Year:2023
Runtime: 110 minutes
Written and directed by: Monia Chokri
Actors: Pierre-Yves Cardinal, Magalie Lépine-Blondeau, Francis-William Rhéaume, Monia Chokri, Guillaume Laurin
By Sarah Manvel
The French title’s sense of the word ‘simple’ is that of uncomplicated, not stupid. However there’s plenty of stupidity on display in this film, though little from the part of Sylvain (Pierre-Yves Cardinal, having a wonderful time) himself. He is a contractor, a down-to-earth working man, shaking his head in dismay at the shape of the summer home Sophia (Magalie Lépine-Blondeau) has bought. Sophia is a philosopher in Montreal, teaching night classes to mature students while waiting for a faculty job. Her partner Xavier (Francis-William Rhéaume) also has a life of the mind, in fact so much of one he and Sophia sleep in separate bedrooms. They joke to each other about surviving an apocalypse and Xavier says that as he can’t even change a light bulb he would obviously be one of the first to die. This is not what every woman wants to hear, not even a woman who is happy to seriously discuss who is her favourite dictator (the guy from Turkmenistan, if you wondered). But Sophia was happy, or at least she thought so, until Sylvain invites her out for a beer, and then for a smoke. And then guess what happens.
Writer-director Monia Chokri (who also plays the part of Sophia’s best friend Francoise, an overwhelmed mother) is interested in exploring what happens when a woman who’s been ruled by her mind is suddenly, and overwhelmingly, ruled by her body. Sylvain is a solid guy – kind, charming, romantic and absolutely dynamite in bed, and it’s made clear that his sudden passion for Sophia is as much of a surprise to him as her sudden passion for Sylvain is to her. But even after the first shock of getting laid passes, Sylvain is all in, and seriously so, and Sophia hardly knows what to do with herself. On the other hand, no one reaches their forties without a strong helping of baggage. Xavier’s father has Alzheimer’s and this is upsetting his mother so much she starts pressuring Sophia to have Xavier’s child; she has the names all picked out. (Quebecois cinema’s commitment to solid parts for women of a certain age continues to delight.) Sylvain is smart but not well-educated, curious but not much travelled. His mother’s obsessed with National Enquirer-style conspiracy theories (UFOs and two-headed-baby sort of things), his brother’s a meat-head, his sister-in-law a hairdresser and his cousin has had an incredible amount of plastic surgery. Sophia’s much wealthier family are no prizewinners either; her brother Oli (Guillaume Laurin) is an exhausting performance artist with a parade of insufferable girlfriends, and her mother is a snob. Sophia spends dinners with Sylvain’s family wondering if anyone will ever talk about ideas again, while Sylvain spends dinners with Sophia’s being ruthlessly picked apart as a pro-death penalty racist. And since the movie is entirely from Sophia’s point of view, we are supposed to be sympathetic with her sensibilities and as contemptuous of Sylvain’s people as she is – or tries not to be. This tips the tables unevenly and is a serious flaw.
It’s made clear Sylvain is prepared to put up with quite a bit in order to continue to enjoy the delights of Sophia’s body, but whether or not Sophia will do the same is the question. In a lot of ways this is a French-language version of “Take This Waltz,” Sarah Polley’s excellent (and also Canadian) movie about a woman leaving a steady but boring marriage for a hot working-class man. But the people in Ms Polley’s movie were all in their early thirties, when life still has more flexibility to be casually reinvented. In your forties no one travels that light on their feet. The night classes, where Sophia tells her students what philosophers from Socrates to bell hooks thought about love, are a delicious metaphor, but philosophy can only do so much. Especially when it’s clear to the audience, if not the characters, that Sophia is hardly blameless here.

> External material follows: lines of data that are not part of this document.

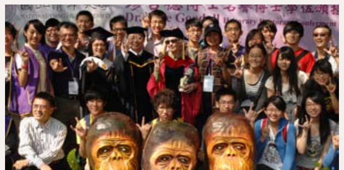
現場工作人員及學生與珍古德博士合影留念，前排為三個學生手作的黑猩猩面具。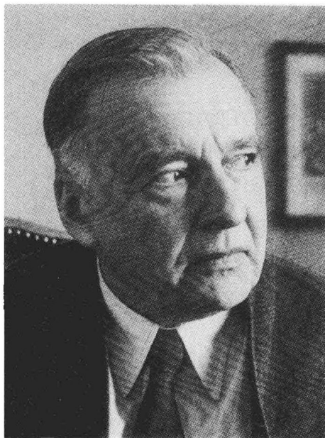
图 7.2 伽达默尔像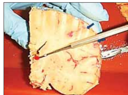
Obr. 3. Laterální trajektorie elektrody do nucleus anterior thalami – naznačeno pátradlem. Modré šipky vymezují laterální koridor pro zavedení elektrody do nucleus anterior thalami (vyznačeno červeným polem).

Fig. 2. Coronal section of the brain at the level of the anterior thalamic nucleus – the probe shows the transventricular trajectory to the nucleus anterior thalami (blue arrow). Subependymal vein located in the roof of the lateral ventricle in the proximity of the intended trajectory (green arrow).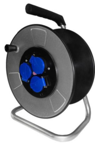
EM050 - EM50P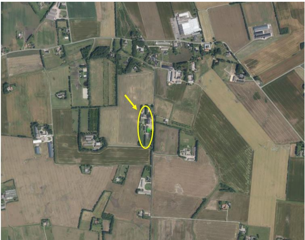
Ejendommens placering i landskabet vist med gult på luftfoto fra 2024

Afgørelsen vil så vidt muligt blive offentliggjort tirsdag den 8. april 2025 ved annoncering på Hedensted Kommunes hjemmeside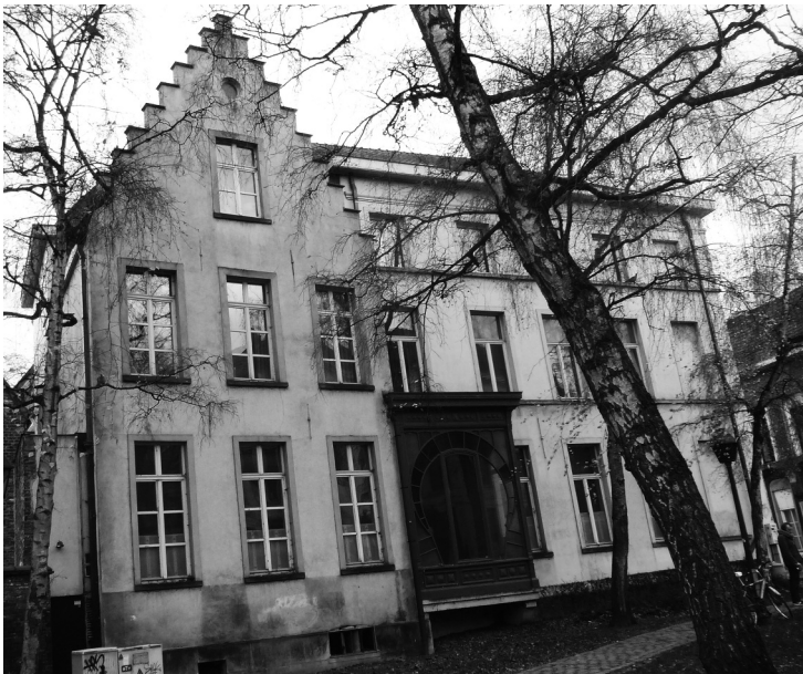
Afb. 4. Gevel Sluizekenkaai. (foto 2014).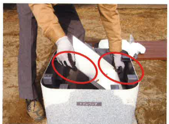
⑧持ち方を変えて、引き抜く。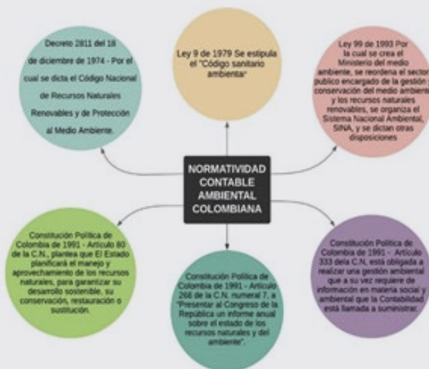
GRÁFICO 2: NORMATIVIDAD CONTABILIDAD AMBIENTAL COLOMBIANA.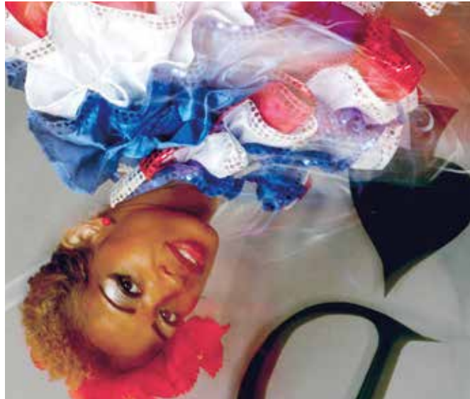
Ausschnitt: Dialog Inkjet-print auf fine art Paper | 62 x 92 cm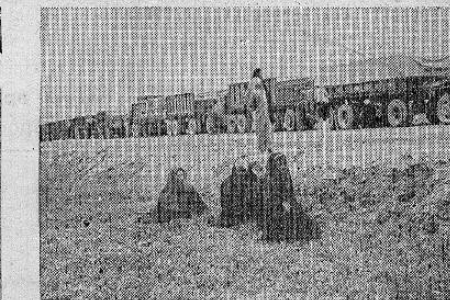
Una caravana de camiones de los Estados Unidos cargados de vituallas, pasa por Persia, camino a Rusia.

WASHINGTON.—Los formi- dables ejércitos rusos, que de manera tan poderosa contribu- yeron a la derrota de Alemania, tuvieron la ayuda de millones de toneladas de comestibles, municio- nes y toda clase de elementos de guerra despatchados por los Estados Unidos a la Unión So- vietica conforme al plan de pré- stamos y arrendamientos.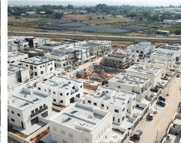
שרונה, כפר יונה | 42 יחידות (בתים דו-משפחתיים)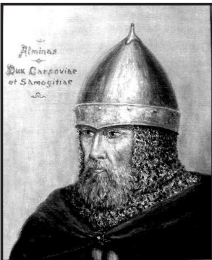
Lietuvos valdovų ciklas prasidėjo nuo kunigaikščio Almino portreto.

„Džiaugiuosi, kad idėjų ir darbų išties netrūksta, turiu ir daug sumanymų ateičiai. Amerikoje aš įgijau didžiulę patirtį, susiformavau ir atsiskleidžiau kaip menininkas, o gautas žinias bei patyrimą dabar galiu sėkmingai pritaikyti tėvynėje“, – sakė dailininkas.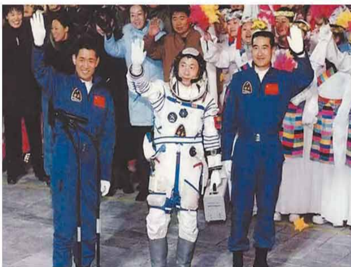
2003年10月15日,中国第一位航天员杨利伟(中)在首飞梯队成员聂海胜(左)、翟志刚(右)陪同下参加出征仪式。(资料照片)

2007年10月,党的第十七次全国代表大会召开。大会通过的报告全面阐述科学发展观的科学内涵、精神实质和根本要求,明确科学发展观第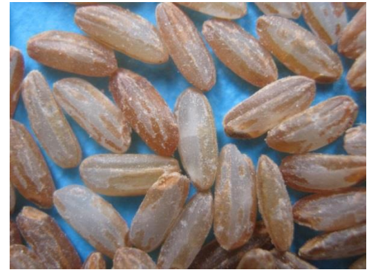
Vary Malady (paddy, riz cargo, riz usiné)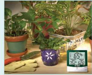
Checks the Humidity and Temperature levels for optimal plant growth in greenhouses.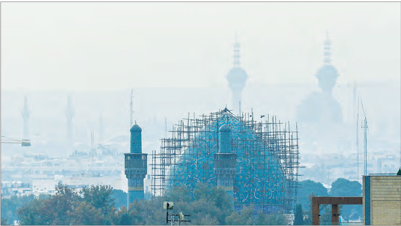
لایلمقیی دبیر گروه جامعه

باد و باران متوقف شد، آلودگی پدیدار شد؛ آیا انتقال نیروگاه به خارج از شعاع ۵۰ کیلومتری چاره‌ساز است؟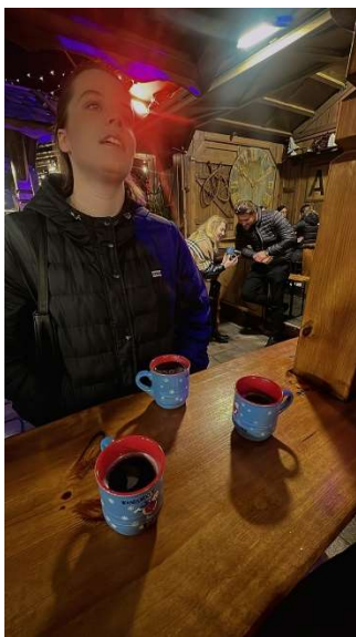
學校對面聖誕市集

But Ms Lépine-Blondeau makes Sophia, in her own way, as out of her comfort zone as Sylvain more obviously is, although no one could ever describe her as uncomplicated. And none of this description makes it clear how genuinely funny the movie is! The flirting hits all the right notes of being charming, sweet, naughty and fun, and even the bickering between Francoise and her pain-in-the-arse husband is entertaining instead of insufferable. The movie looks great, Guillaume Laflamme’s costume design does most of the heavy lifting on the class issues, and the fact that the third act fizzles out almost doesn’t matter. It’s important to be reminded that your way of life is not the only one, your choices aren’t the only ones, and also that your choice of partner is one you have to reaffirm constantly, lest that love slip into separate bedrooms and away. At the Cannes Film Festival Ms Chokri made a sweetly pointed speech about changing the definition of genius away from being an artist who makes good work to being someone who makes others feel good about themselves. Certainly everyone in her movie desperately wants to feel good about themselves. And no one can say they didn’t try their best to do the same for others, either. The question is just whether that best is good enough.